Use your hand or a paper towel to get any loose crumbs or debris off of the (cool) stovetop before you begin cleaning. Sweep them into your hand or a dustpan to avoid having them land underfoot. Be sure that all knobs are switched securely to the off position before you proceed any further.


This doesn’t mean you have to head to the toolbox and grab a screwdriver. Your stovetop should come apart pretty easily. If you have a gas stove, the burner covers and drip pans are easily removable. You should be able to simply lift them off.

If you have an electric stove, you should be able to lift up the coils in order to remove the reflector bowls. If your stovetop lifts up, you can also remove the surface burners.

You can remove the oven knobs on your stove as well, in most cases. Just make sure you don’t accidentally turn the burners on as you pop them off.


Fill the sink with hot water (but not so hot that you will burn yourself!) and add a couple squirts of dish soap. Then put the burner cover, drip pans and any other parts in the water to soak for ten to 15 minutes.


Spray the surface of the stovetop with an all purpose kitchen cleaner or dip your paper towel in a mixture of one part vinegar, two parts water. Wipe down the surface, using your finger nail or a steel wool pad to scrub off any rough spots. Do not use a knife or any other sharp object that may scratch the stove. Then use a rag or towel soaked in clean water to rinse off the surface.


Now that the pieces of the range have had a chance to soak, they may have come clean on their own. If not, scrub them with the steel wool pad until any debris is removed.
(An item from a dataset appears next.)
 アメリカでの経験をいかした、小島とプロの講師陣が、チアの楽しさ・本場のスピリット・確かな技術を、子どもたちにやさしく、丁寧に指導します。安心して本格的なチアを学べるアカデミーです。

All parts of the range, with the exception of the surface burner if you have one, can be wiped dry with a kitchen towel or paper towel. To dry the surface burner, put it in the oven at 350 degrees for about 30 minutes. Be sure to use an oven mitt to take it out when it’s dry.

7. Replace the parts

This step is easy. Just put all of the parts you took off back where you found them. Then celebrate your newly clean stovetop, and make a vow to clean up spills as they happen from now on.
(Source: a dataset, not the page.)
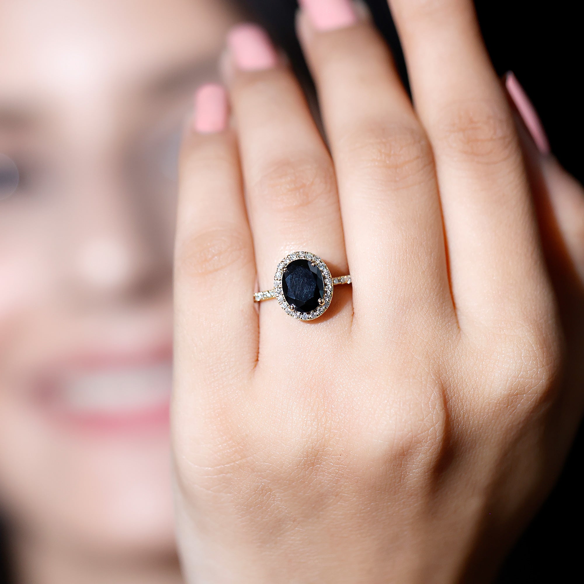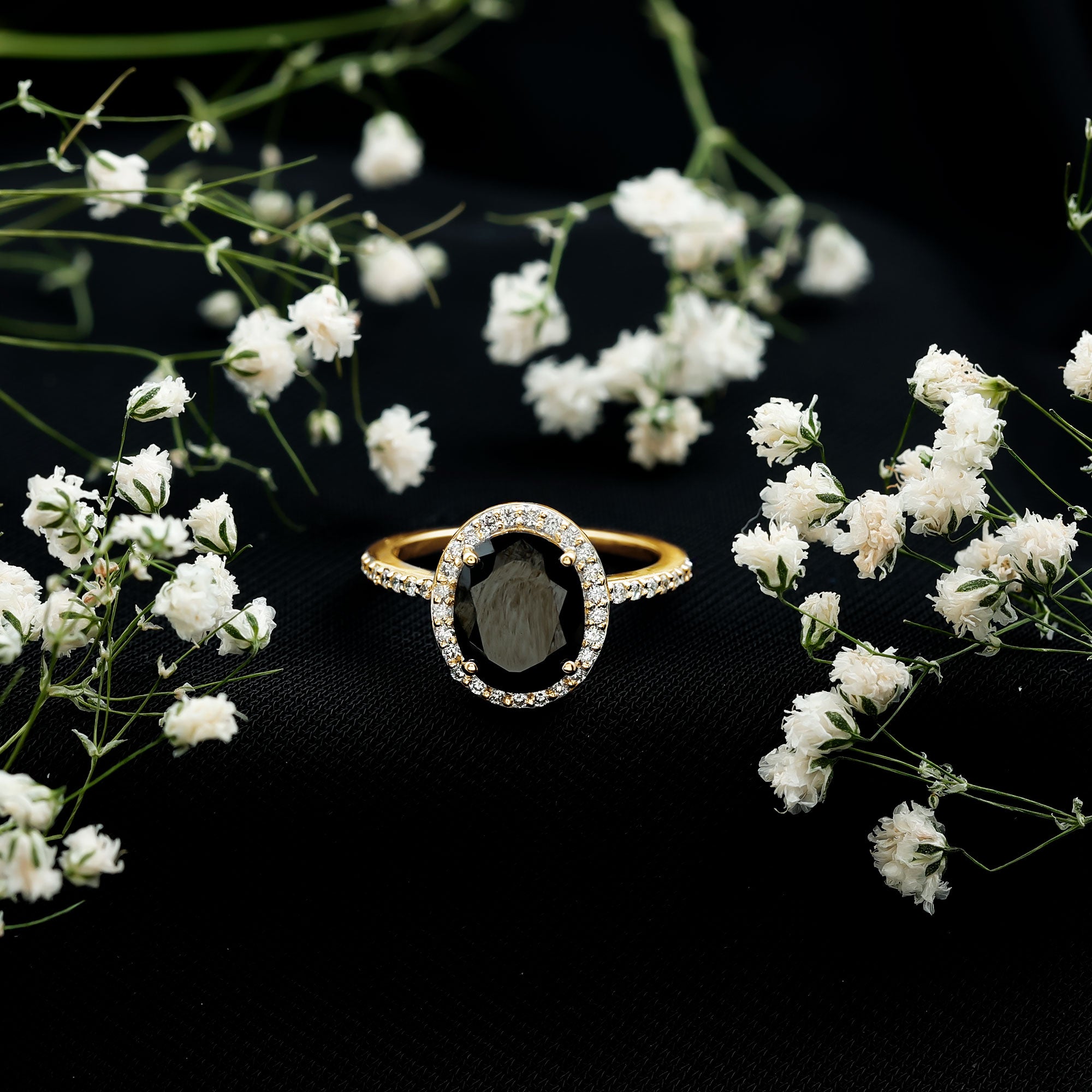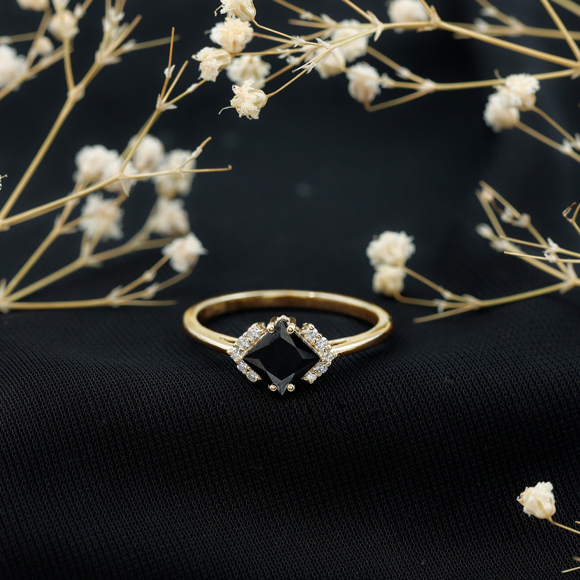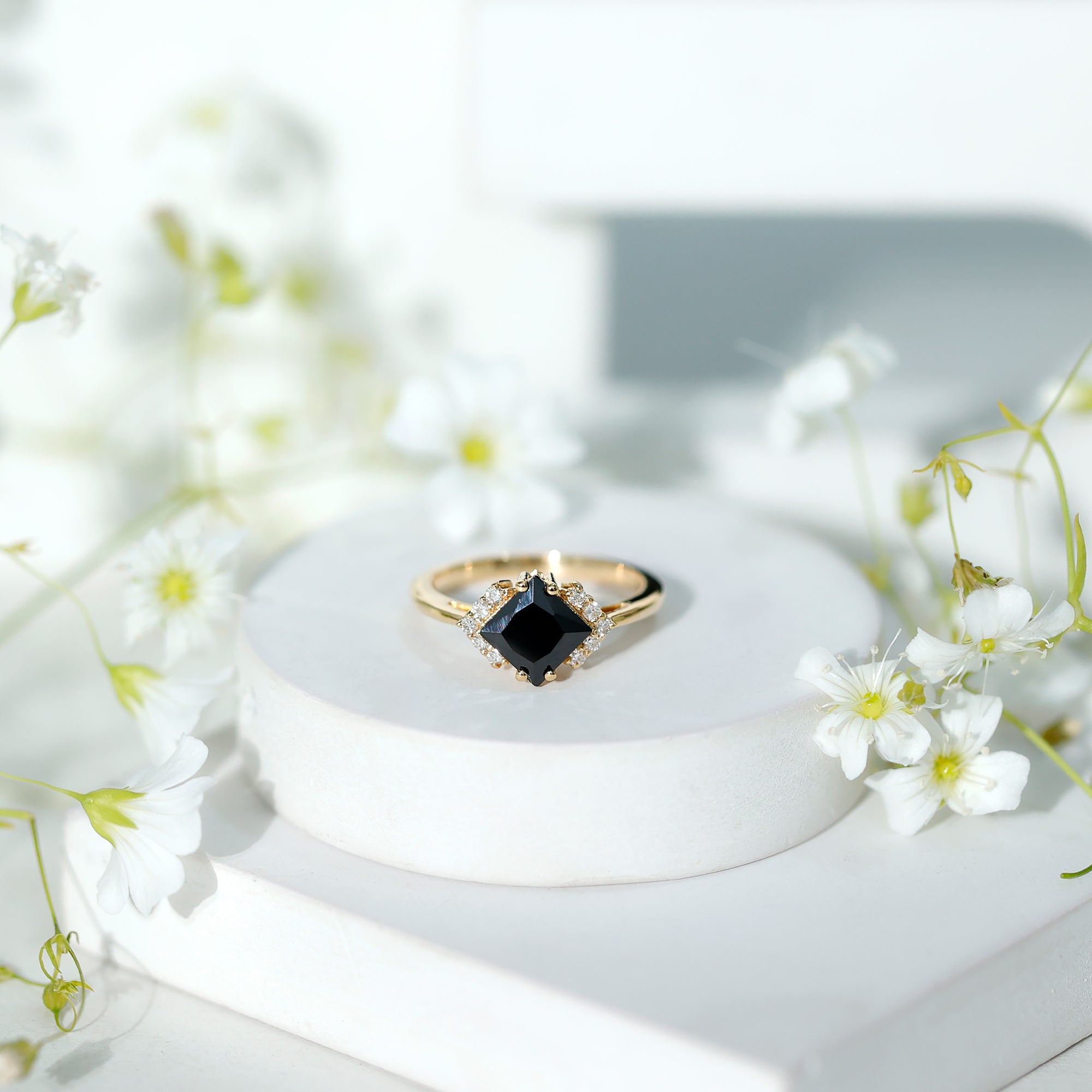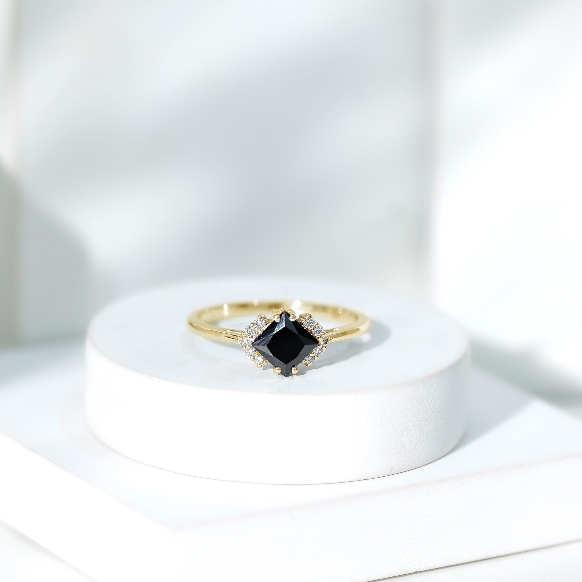 This ring style showcases a shimmering black diamond with dainty round diamonds or moissanites all around the centerpiece. It helps lend more character to the ring, adding an extra layer of sparkle (known as a halo).

  1. If you have a self cleaning oven, put the stove top parts (burner covers, grates, drip pans and any other metal stove top items) in the oven and turn on the self cleaning feature. All the gook is burned off and turned to ash, which you just wipe off.

    I also put my uncoated cast iron skillets and stew pots in the oven when cleaning it.

    Works like a charm!

  2. To clean the cooked on greasy burner covers, put them in a plastic bag with approx. 1 cup of ammonia – no water. Turn the bag so it coats all the burners–I do two at a time. Leave it overnight in the sink (or someplace where it won’t damage a surface if the bag leaks). In the morning, it will wash off in hot soapy dishwater without scrubbing.
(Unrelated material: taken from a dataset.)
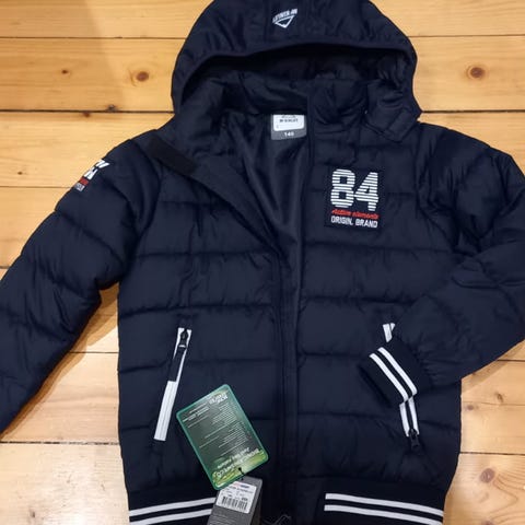Svart jacka i lite längre modell med mjukt foder och huva. Storlek 146. Fint skick!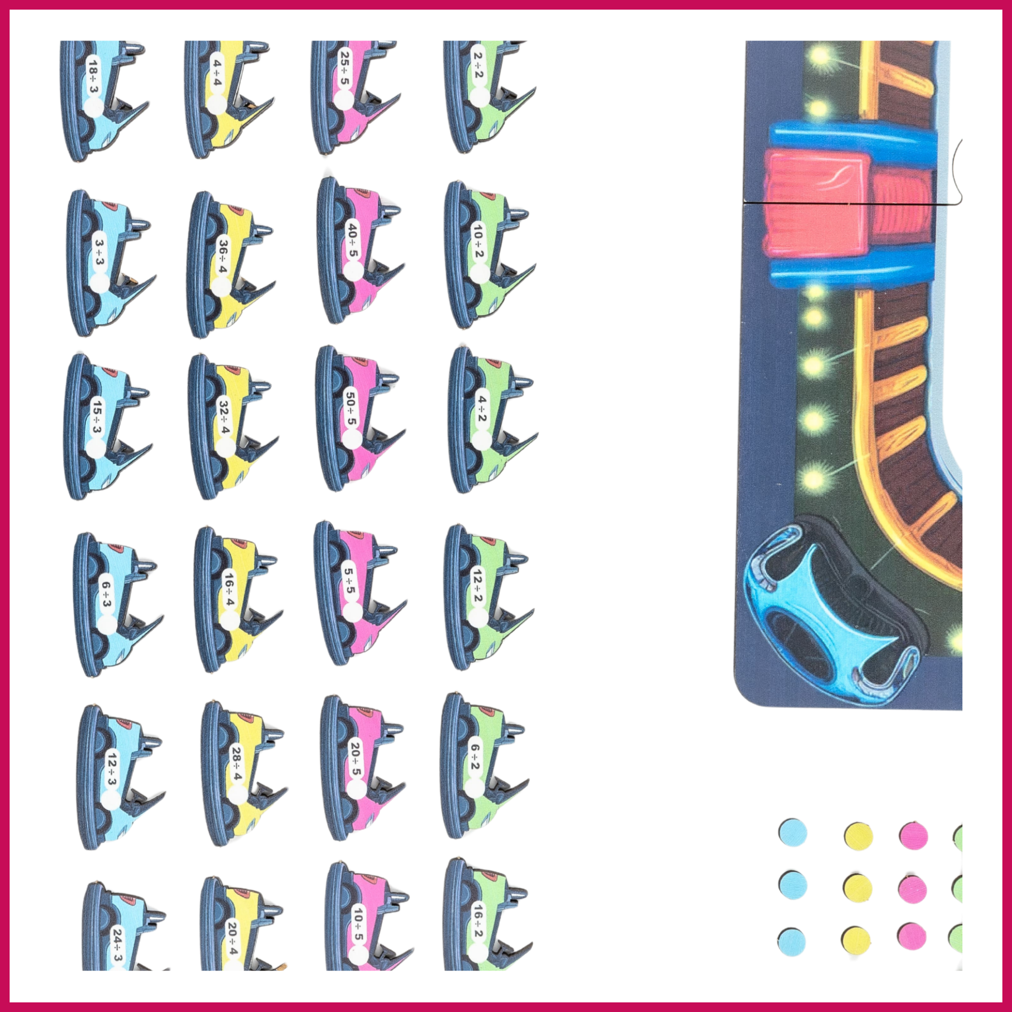 Pist Hazırlığı: 10 adet "oto kartı" (12÷3, 20÷4 gibi) parkura yerleştirin. Her oyuncu 10 pul alır.

  3. Just spray the surface with EZ-off cold oven cleaner, wait about half an hour and wipe with a wet cloth. Easily takes off the burnt-on food. Be sure to test, however, before using. It might harm some surfaces.

  4. I use baking soda and hot water. Pour baking soda in the burner wells and add hot water slowly, mixing it together and making a paste with an old toothbrush. As paste thickens, place on greasy spots and let sit over night. In the morning, add more hot water and gently scrub with a toothbrush. It gets burnt-on grease off and your stove looks brand new again.

  5. The Mr. Clean sponge is a god sent. It takes off the the most burnt on stains on stove top. I use it on everything especially the stove and tub. It is amazing what it cleans such as walls marked up with marker or crayon.

  6. I use the Dawn Power Dissolver on my tough to remove stains – can’t find it to purchase anywhere but Walmart.